There is no shame in my game: I am completely and totally OB–SESSED with Pinterest. I visit that site and it’s like Christmas morning for me: an essentially unlimited treasure trove of recipes, craft projects and DIY ideas. Ho-Lee-Crap. It’s a wonder I don’t pee myself, overly-excitable-puppy-style, each time I log in.
From this cornucopia of Web sites I’ve hand-picked a few especially good’uns: either the photography is amazing (trying to take a good picture of a cookie is hard, y’all), the writing is excellent (also hard, y’all), the ideas splenderefescent (I went there) or d) all of the above.

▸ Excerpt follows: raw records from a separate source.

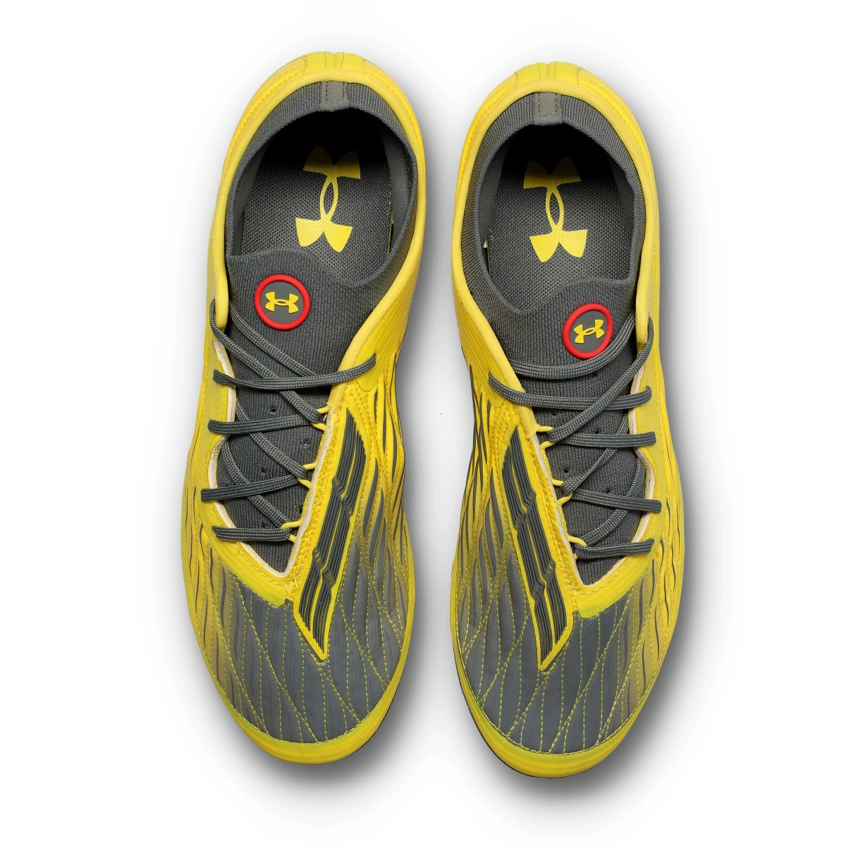 Tige avec technologie UA Clone pour un ajustement personnalisé quelle que soit la taille. La couche intérieure en matériau souple et authentique se moule au pied pour un ajustement semblable à celui d'un gant. Impression 3D pour un meilleur toucher et un meilleur contrôle, et silicone dans les zones de contact pour un meilleur coup de pied.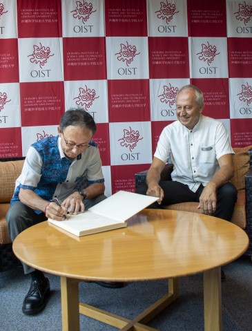 After signing the OIST “golden book”, Mr. Tamaki gave a short speech in which he expressed his gratitude to the late Prof. Sydney Brenner for his achievement in helping establish OIST, and proposed the creation of a memorial bust of the former President of the Okinawa Institute of Science and Technology Promotion Corporation (OIST P. C., 2005 - 2011).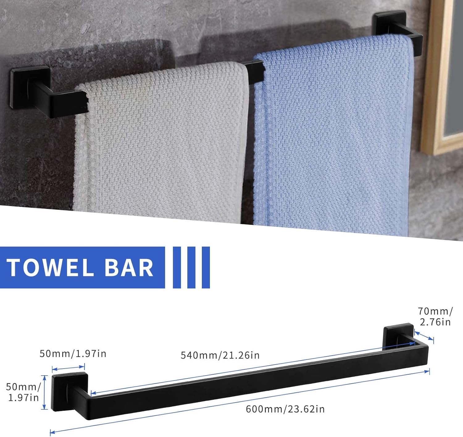 | Included Components | towel bar, toilet paper holder, square towel ring, towel hooks. |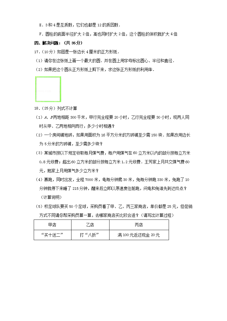 【文档预览】 无忧考网整理发布2017年甘肃天水市小升初数学真题及答案(Word版),前五页预览如下: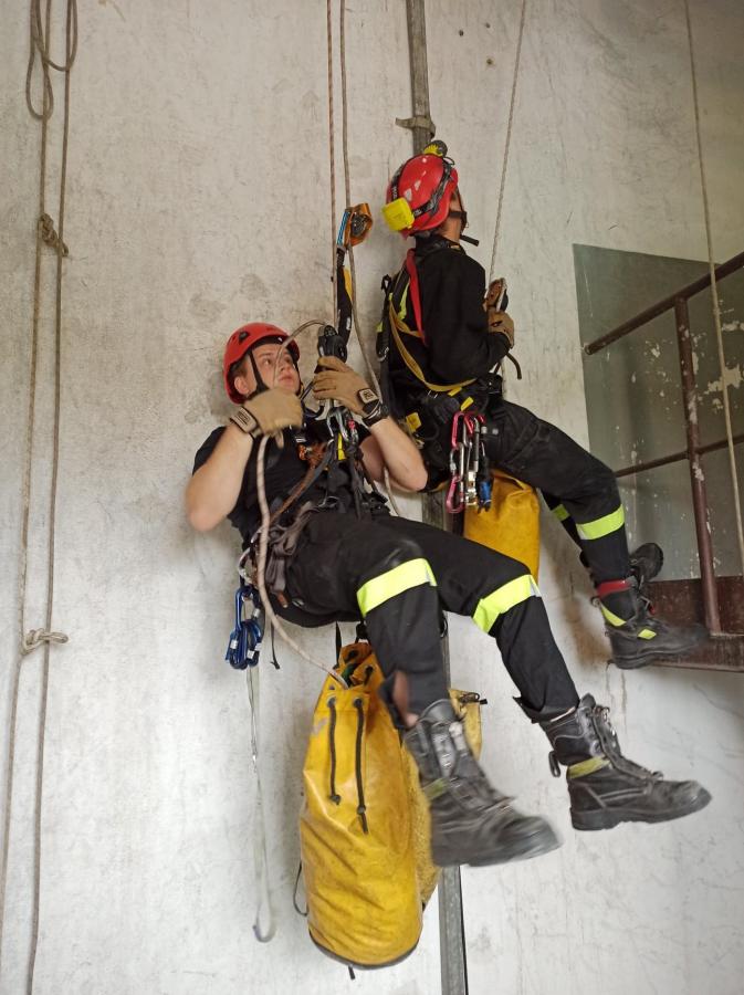 Zgodnie z Poleceniem służbowym D-cy JRG we wszystkie dni tygodnia oprócz niedziel odbywają się zajęcia z ratownictwa wysokościowego zarówno zakresu podstawowego jak i specjalistycznego. Dzisiaj ratownicy doskonalili techniki poruszania się w układach pionowych. Na szczęście dach nad wspinalnią jest szczelny i można bez względu na warunki atmosferyczne doskonalić swoje umiejętności.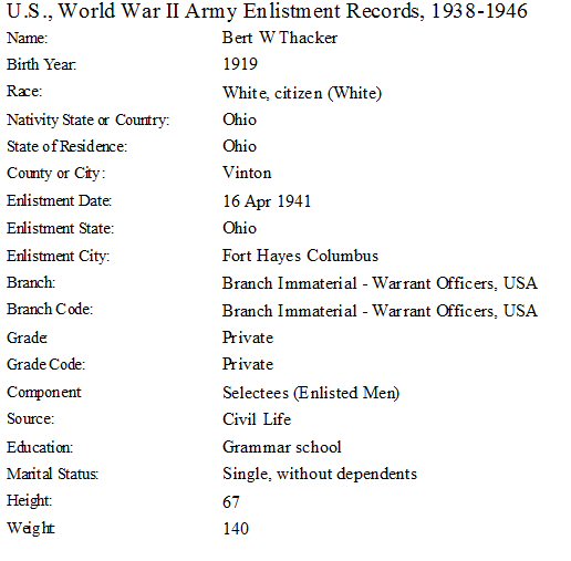 Military Service: April 16, 1941-June 9, 1945 - WWII - U.S. Army.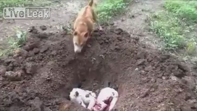 EIn Amateurvideo aus dem US-amerikanischen Texas zeigt ein erstaunliches Hundeverhalten. Ein Vierbeiner bedeckt hier einen toten Artgenossen mit aufgeworfenem Sand. Nur eine Dressur?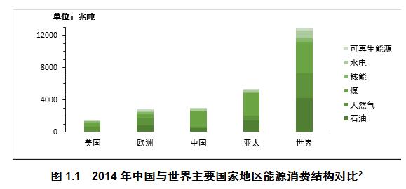 現(xiàn)階段,我國(guó)能源消費(fèi)總體呈現(xiàn)總量大、結(jié)構(gòu)失衡以及利用效率低的特點(diǎn)。以2014年為例,我國(guó)能源消費(fèi)量位居世界首位,體量近乎整個(gè)歐洲的年消費(fèi)量。此外,長(zhǎng)期粗放式的經(jīng)濟(jì)發(fā)展模式也使我國(guó)對(duì)煤炭等一次能源依賴(lài)程度高,2014年煤炭占能源消費(fèi)總量的66%,而可再生能源消費(fèi)占比卻不到1.8%。盡管我國(guó)能源利用效率逐年提升,但絕對(duì)水平仍在國(guó)際上處于低位,2013年我國(guó)每萬(wàn)美元GDP能耗為1.89噸油當(dāng)量,相當(dāng)于印度上世紀(jì)90年代中期水平。[1]若未來(lái)能耗繼續(xù)大幅增長(zhǎng),環(huán)境的承受力勢(shì)必將制約經(jīng)濟(jì)發(fā)展,對(duì)此中國(guó)政府早在2009年宣布控制溫室氣體排放目標(biāo)并規(guī)劃2020年的單位GDP能耗將比2010年降低31%。

For a very brief moment (nanosecond, really), I contemplated making this blog into something like those which I so admire. And I have actually tried a few times to come up with a super-clever-n-fun post about some project/idea/dessert I’d recently tried to copy/make/bake… I even carefully patterned it off of my best-beloved blogs, but… it ended up something like this:
Mint-truffle kiss brown bites
the clever introduction
I was at Target and my mom saw a bag of cherry cordial Hersheys kisses. And I was all like “Whoa!” And she was all like “I know!” and I was like “Yeah!” and she was like “You should buy them!” And I was like “I hate cherry cordials!” And she was like “Why did you say ‘Whoa,’ then?” And I was all like “Because YOU like them.” So she bought them. And then, I don’t know, she felt bad or something and bought a bag of these mint-truffle kisses for me.
picture posted after being photoshopped for at least 75 hours
But I’m all like “these are good in a one-per-day kind of way, what am I supposed to do with all these?”
But then I got an idea…
apology that the picture looks so bad even though IT DOES NOT LOOK BAD. SERIOUSLY DO YOU HAVE YOUR OWN PERSONAL GAFFER TO LIGHT YOUR KITCHEN?
the series of pictures with vague, step-by-step instructions
Too much work. Do these people really stop, mid-egg-beating, to take pictures?
the actual recipe, in cute printable recipe-card format
1. Brownie mix. Bag, box, homemade. I don’t care.
2. The shit you need for the brownies. Eggs? Oil? Water? Milk? Cardamom? Fuck. Whatever.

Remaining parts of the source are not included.